CHAVEZ, CESAR 1927-1993
LABOR LEADER; FOUNDER AND PRESIDENT OF THE UNITED FARM WORKERS OF AMERICA
Migrant Years
The son of Mexican immigrants, Cesar Chavez saw his parents lose their small farm in Yuma, Arizona, in the late 1930s. With no other possibilities, the family headed for California and joined the ranks of migrant workers traveling throughout the state picking such crops as apricots, figs, grapes, lettuce, peas, or tomatoes. But once knowing the independence of owning a farm, the Chavez family was not as docile as many other field laborers. Chavez remembered: "We were probably one of the strikingest families in California, the first ones to leave the fields if anyone shouted Huelga (Spanish for strike)!" The migratory life was hard on the young Chavez; constant travel made education difficult, and many of the Anglo teachers openly disdained such children. Together, these factors forced Chavez to drop out of school after the end of the eighth grade. Wishing to get off the land, he joined the navy during World War II, but racism kept him in menial jobs.
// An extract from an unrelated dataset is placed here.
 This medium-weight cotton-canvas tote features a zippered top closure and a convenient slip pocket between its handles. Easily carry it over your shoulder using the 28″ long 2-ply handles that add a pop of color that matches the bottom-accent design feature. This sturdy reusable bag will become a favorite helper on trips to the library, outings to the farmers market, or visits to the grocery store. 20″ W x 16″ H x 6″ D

Out of the service in 1946, Chavez returned to the only life he knew—migrant farm work in Delano, California (in the state's Central Valley).
Early Organizing
In 1952 Chavez landed a job in a San Jose lumberyard, and he and his young family took up residence in Sal Si Puedes (get out if you can), the Mexican barrio of the city. Here Chavez was introduced to the ideas of social justice by Father Donald McDonnell and the self-help social-service group, the Community Service Organization (CSO). By the end of that year he was a full-time organizer for the CSO. Just six years later Chavez was appointed its general director. Under his leadership the CSO became the most powerful Mexican-American political organization in the state. While establishing a CSO chapter in Oxnard, California, Chavez became convinced that work issues were most important to the Chicano community. When the CSO rejected his idea of forming a farmworkers union, he broke with the association in 1962.
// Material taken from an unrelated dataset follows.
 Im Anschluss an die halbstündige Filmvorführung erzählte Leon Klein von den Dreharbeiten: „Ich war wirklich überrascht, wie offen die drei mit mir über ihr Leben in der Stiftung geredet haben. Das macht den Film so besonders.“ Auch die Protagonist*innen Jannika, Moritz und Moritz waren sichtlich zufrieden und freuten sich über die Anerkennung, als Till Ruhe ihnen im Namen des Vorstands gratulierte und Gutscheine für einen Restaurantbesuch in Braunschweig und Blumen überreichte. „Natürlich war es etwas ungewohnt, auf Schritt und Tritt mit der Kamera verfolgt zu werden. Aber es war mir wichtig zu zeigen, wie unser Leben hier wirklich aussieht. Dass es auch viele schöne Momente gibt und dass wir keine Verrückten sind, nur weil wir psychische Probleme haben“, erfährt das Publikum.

National Farm Workers to United Farm Workers
Now thirty-five years old, Chavez created the National Farm Workers Association (NFWA). After three years of organizing, he led his small union to strike in a show of solidarity for Filipino grape pickers in September 1965. This Delano strike soon spread from its origins against table-grape growers to include many of California's leading wineries, and Chavez's use of nonviolent tactics brought the conflict national attention. Because traditional picketing could not keep scabs out of the fields, Chavez adopted another strategy—the economic boycott. To keep his movement in the public eye, Chavez staged a grueling three-hundred-mile march from Delano to Sacramento, and later he fasted for three weeks to rededicate the union to nonviolence. In 1966 his NFWA merged with an AFL-CIO affiliate to establish the United Farm Workers Organizing Committee (UFWOC). After five years of struggle the economic impact of the boycott pressured the growers to settle. The UFWOC obtained contracts with twenty-six growers; this accounted for nearly two-thirds of the California grape crop.
Aftermath
Soon after his victory over the grape growers Chavez again employed the boycott against lettuce growers who were using nonunion labor. Here he attained only limited success, however, largely because the Teamsters were now competing with the UFWOC (in 1972 the AFL-CIO upgraded its status from an organizing committee to a full-fledged affiliate, the United Farm Workers of America) for members. From 1972 to 1974 membership dwindled from nearly sixty thousand to only five thousand. But Chavez continued to work long hours for La Causa (as the farmworkers' movement became called), and his efforts were rewarded. From 1964 to 1980 real wages of California migrant workers increased 70 percent, health-care benefits were provided, and a formal grievance procedure was established. By 1975 he also helped obtain passage of the country's first agricultural-labor-relations act in California. This legislation guaranteed farm laborers the right to organize and bargain collectively. Although membership was up again by the 1980s, the UFWs star seemed to be fading. Yet Cesar Chavez remained important; he had organized the once-thought-unorganizable migrant Mexican-American farmworkers, brought them national attention, and won for them the rights enjoyed by other American workers.
Sources:
Cletus Daniel, "Cesar Chavez and the Unionization of California Farm Workers," in Labor Leaders in America, edited by Melvyn Dubofsky and Warren Van Tine (Urbana & Chicago: University of Illinois Press, 1987);
Dick Meister and Anne Loftis, A Long Time in Coming: The Struggle to Unionize America's Farm Workers (New York: St. Martin's Press, 1977).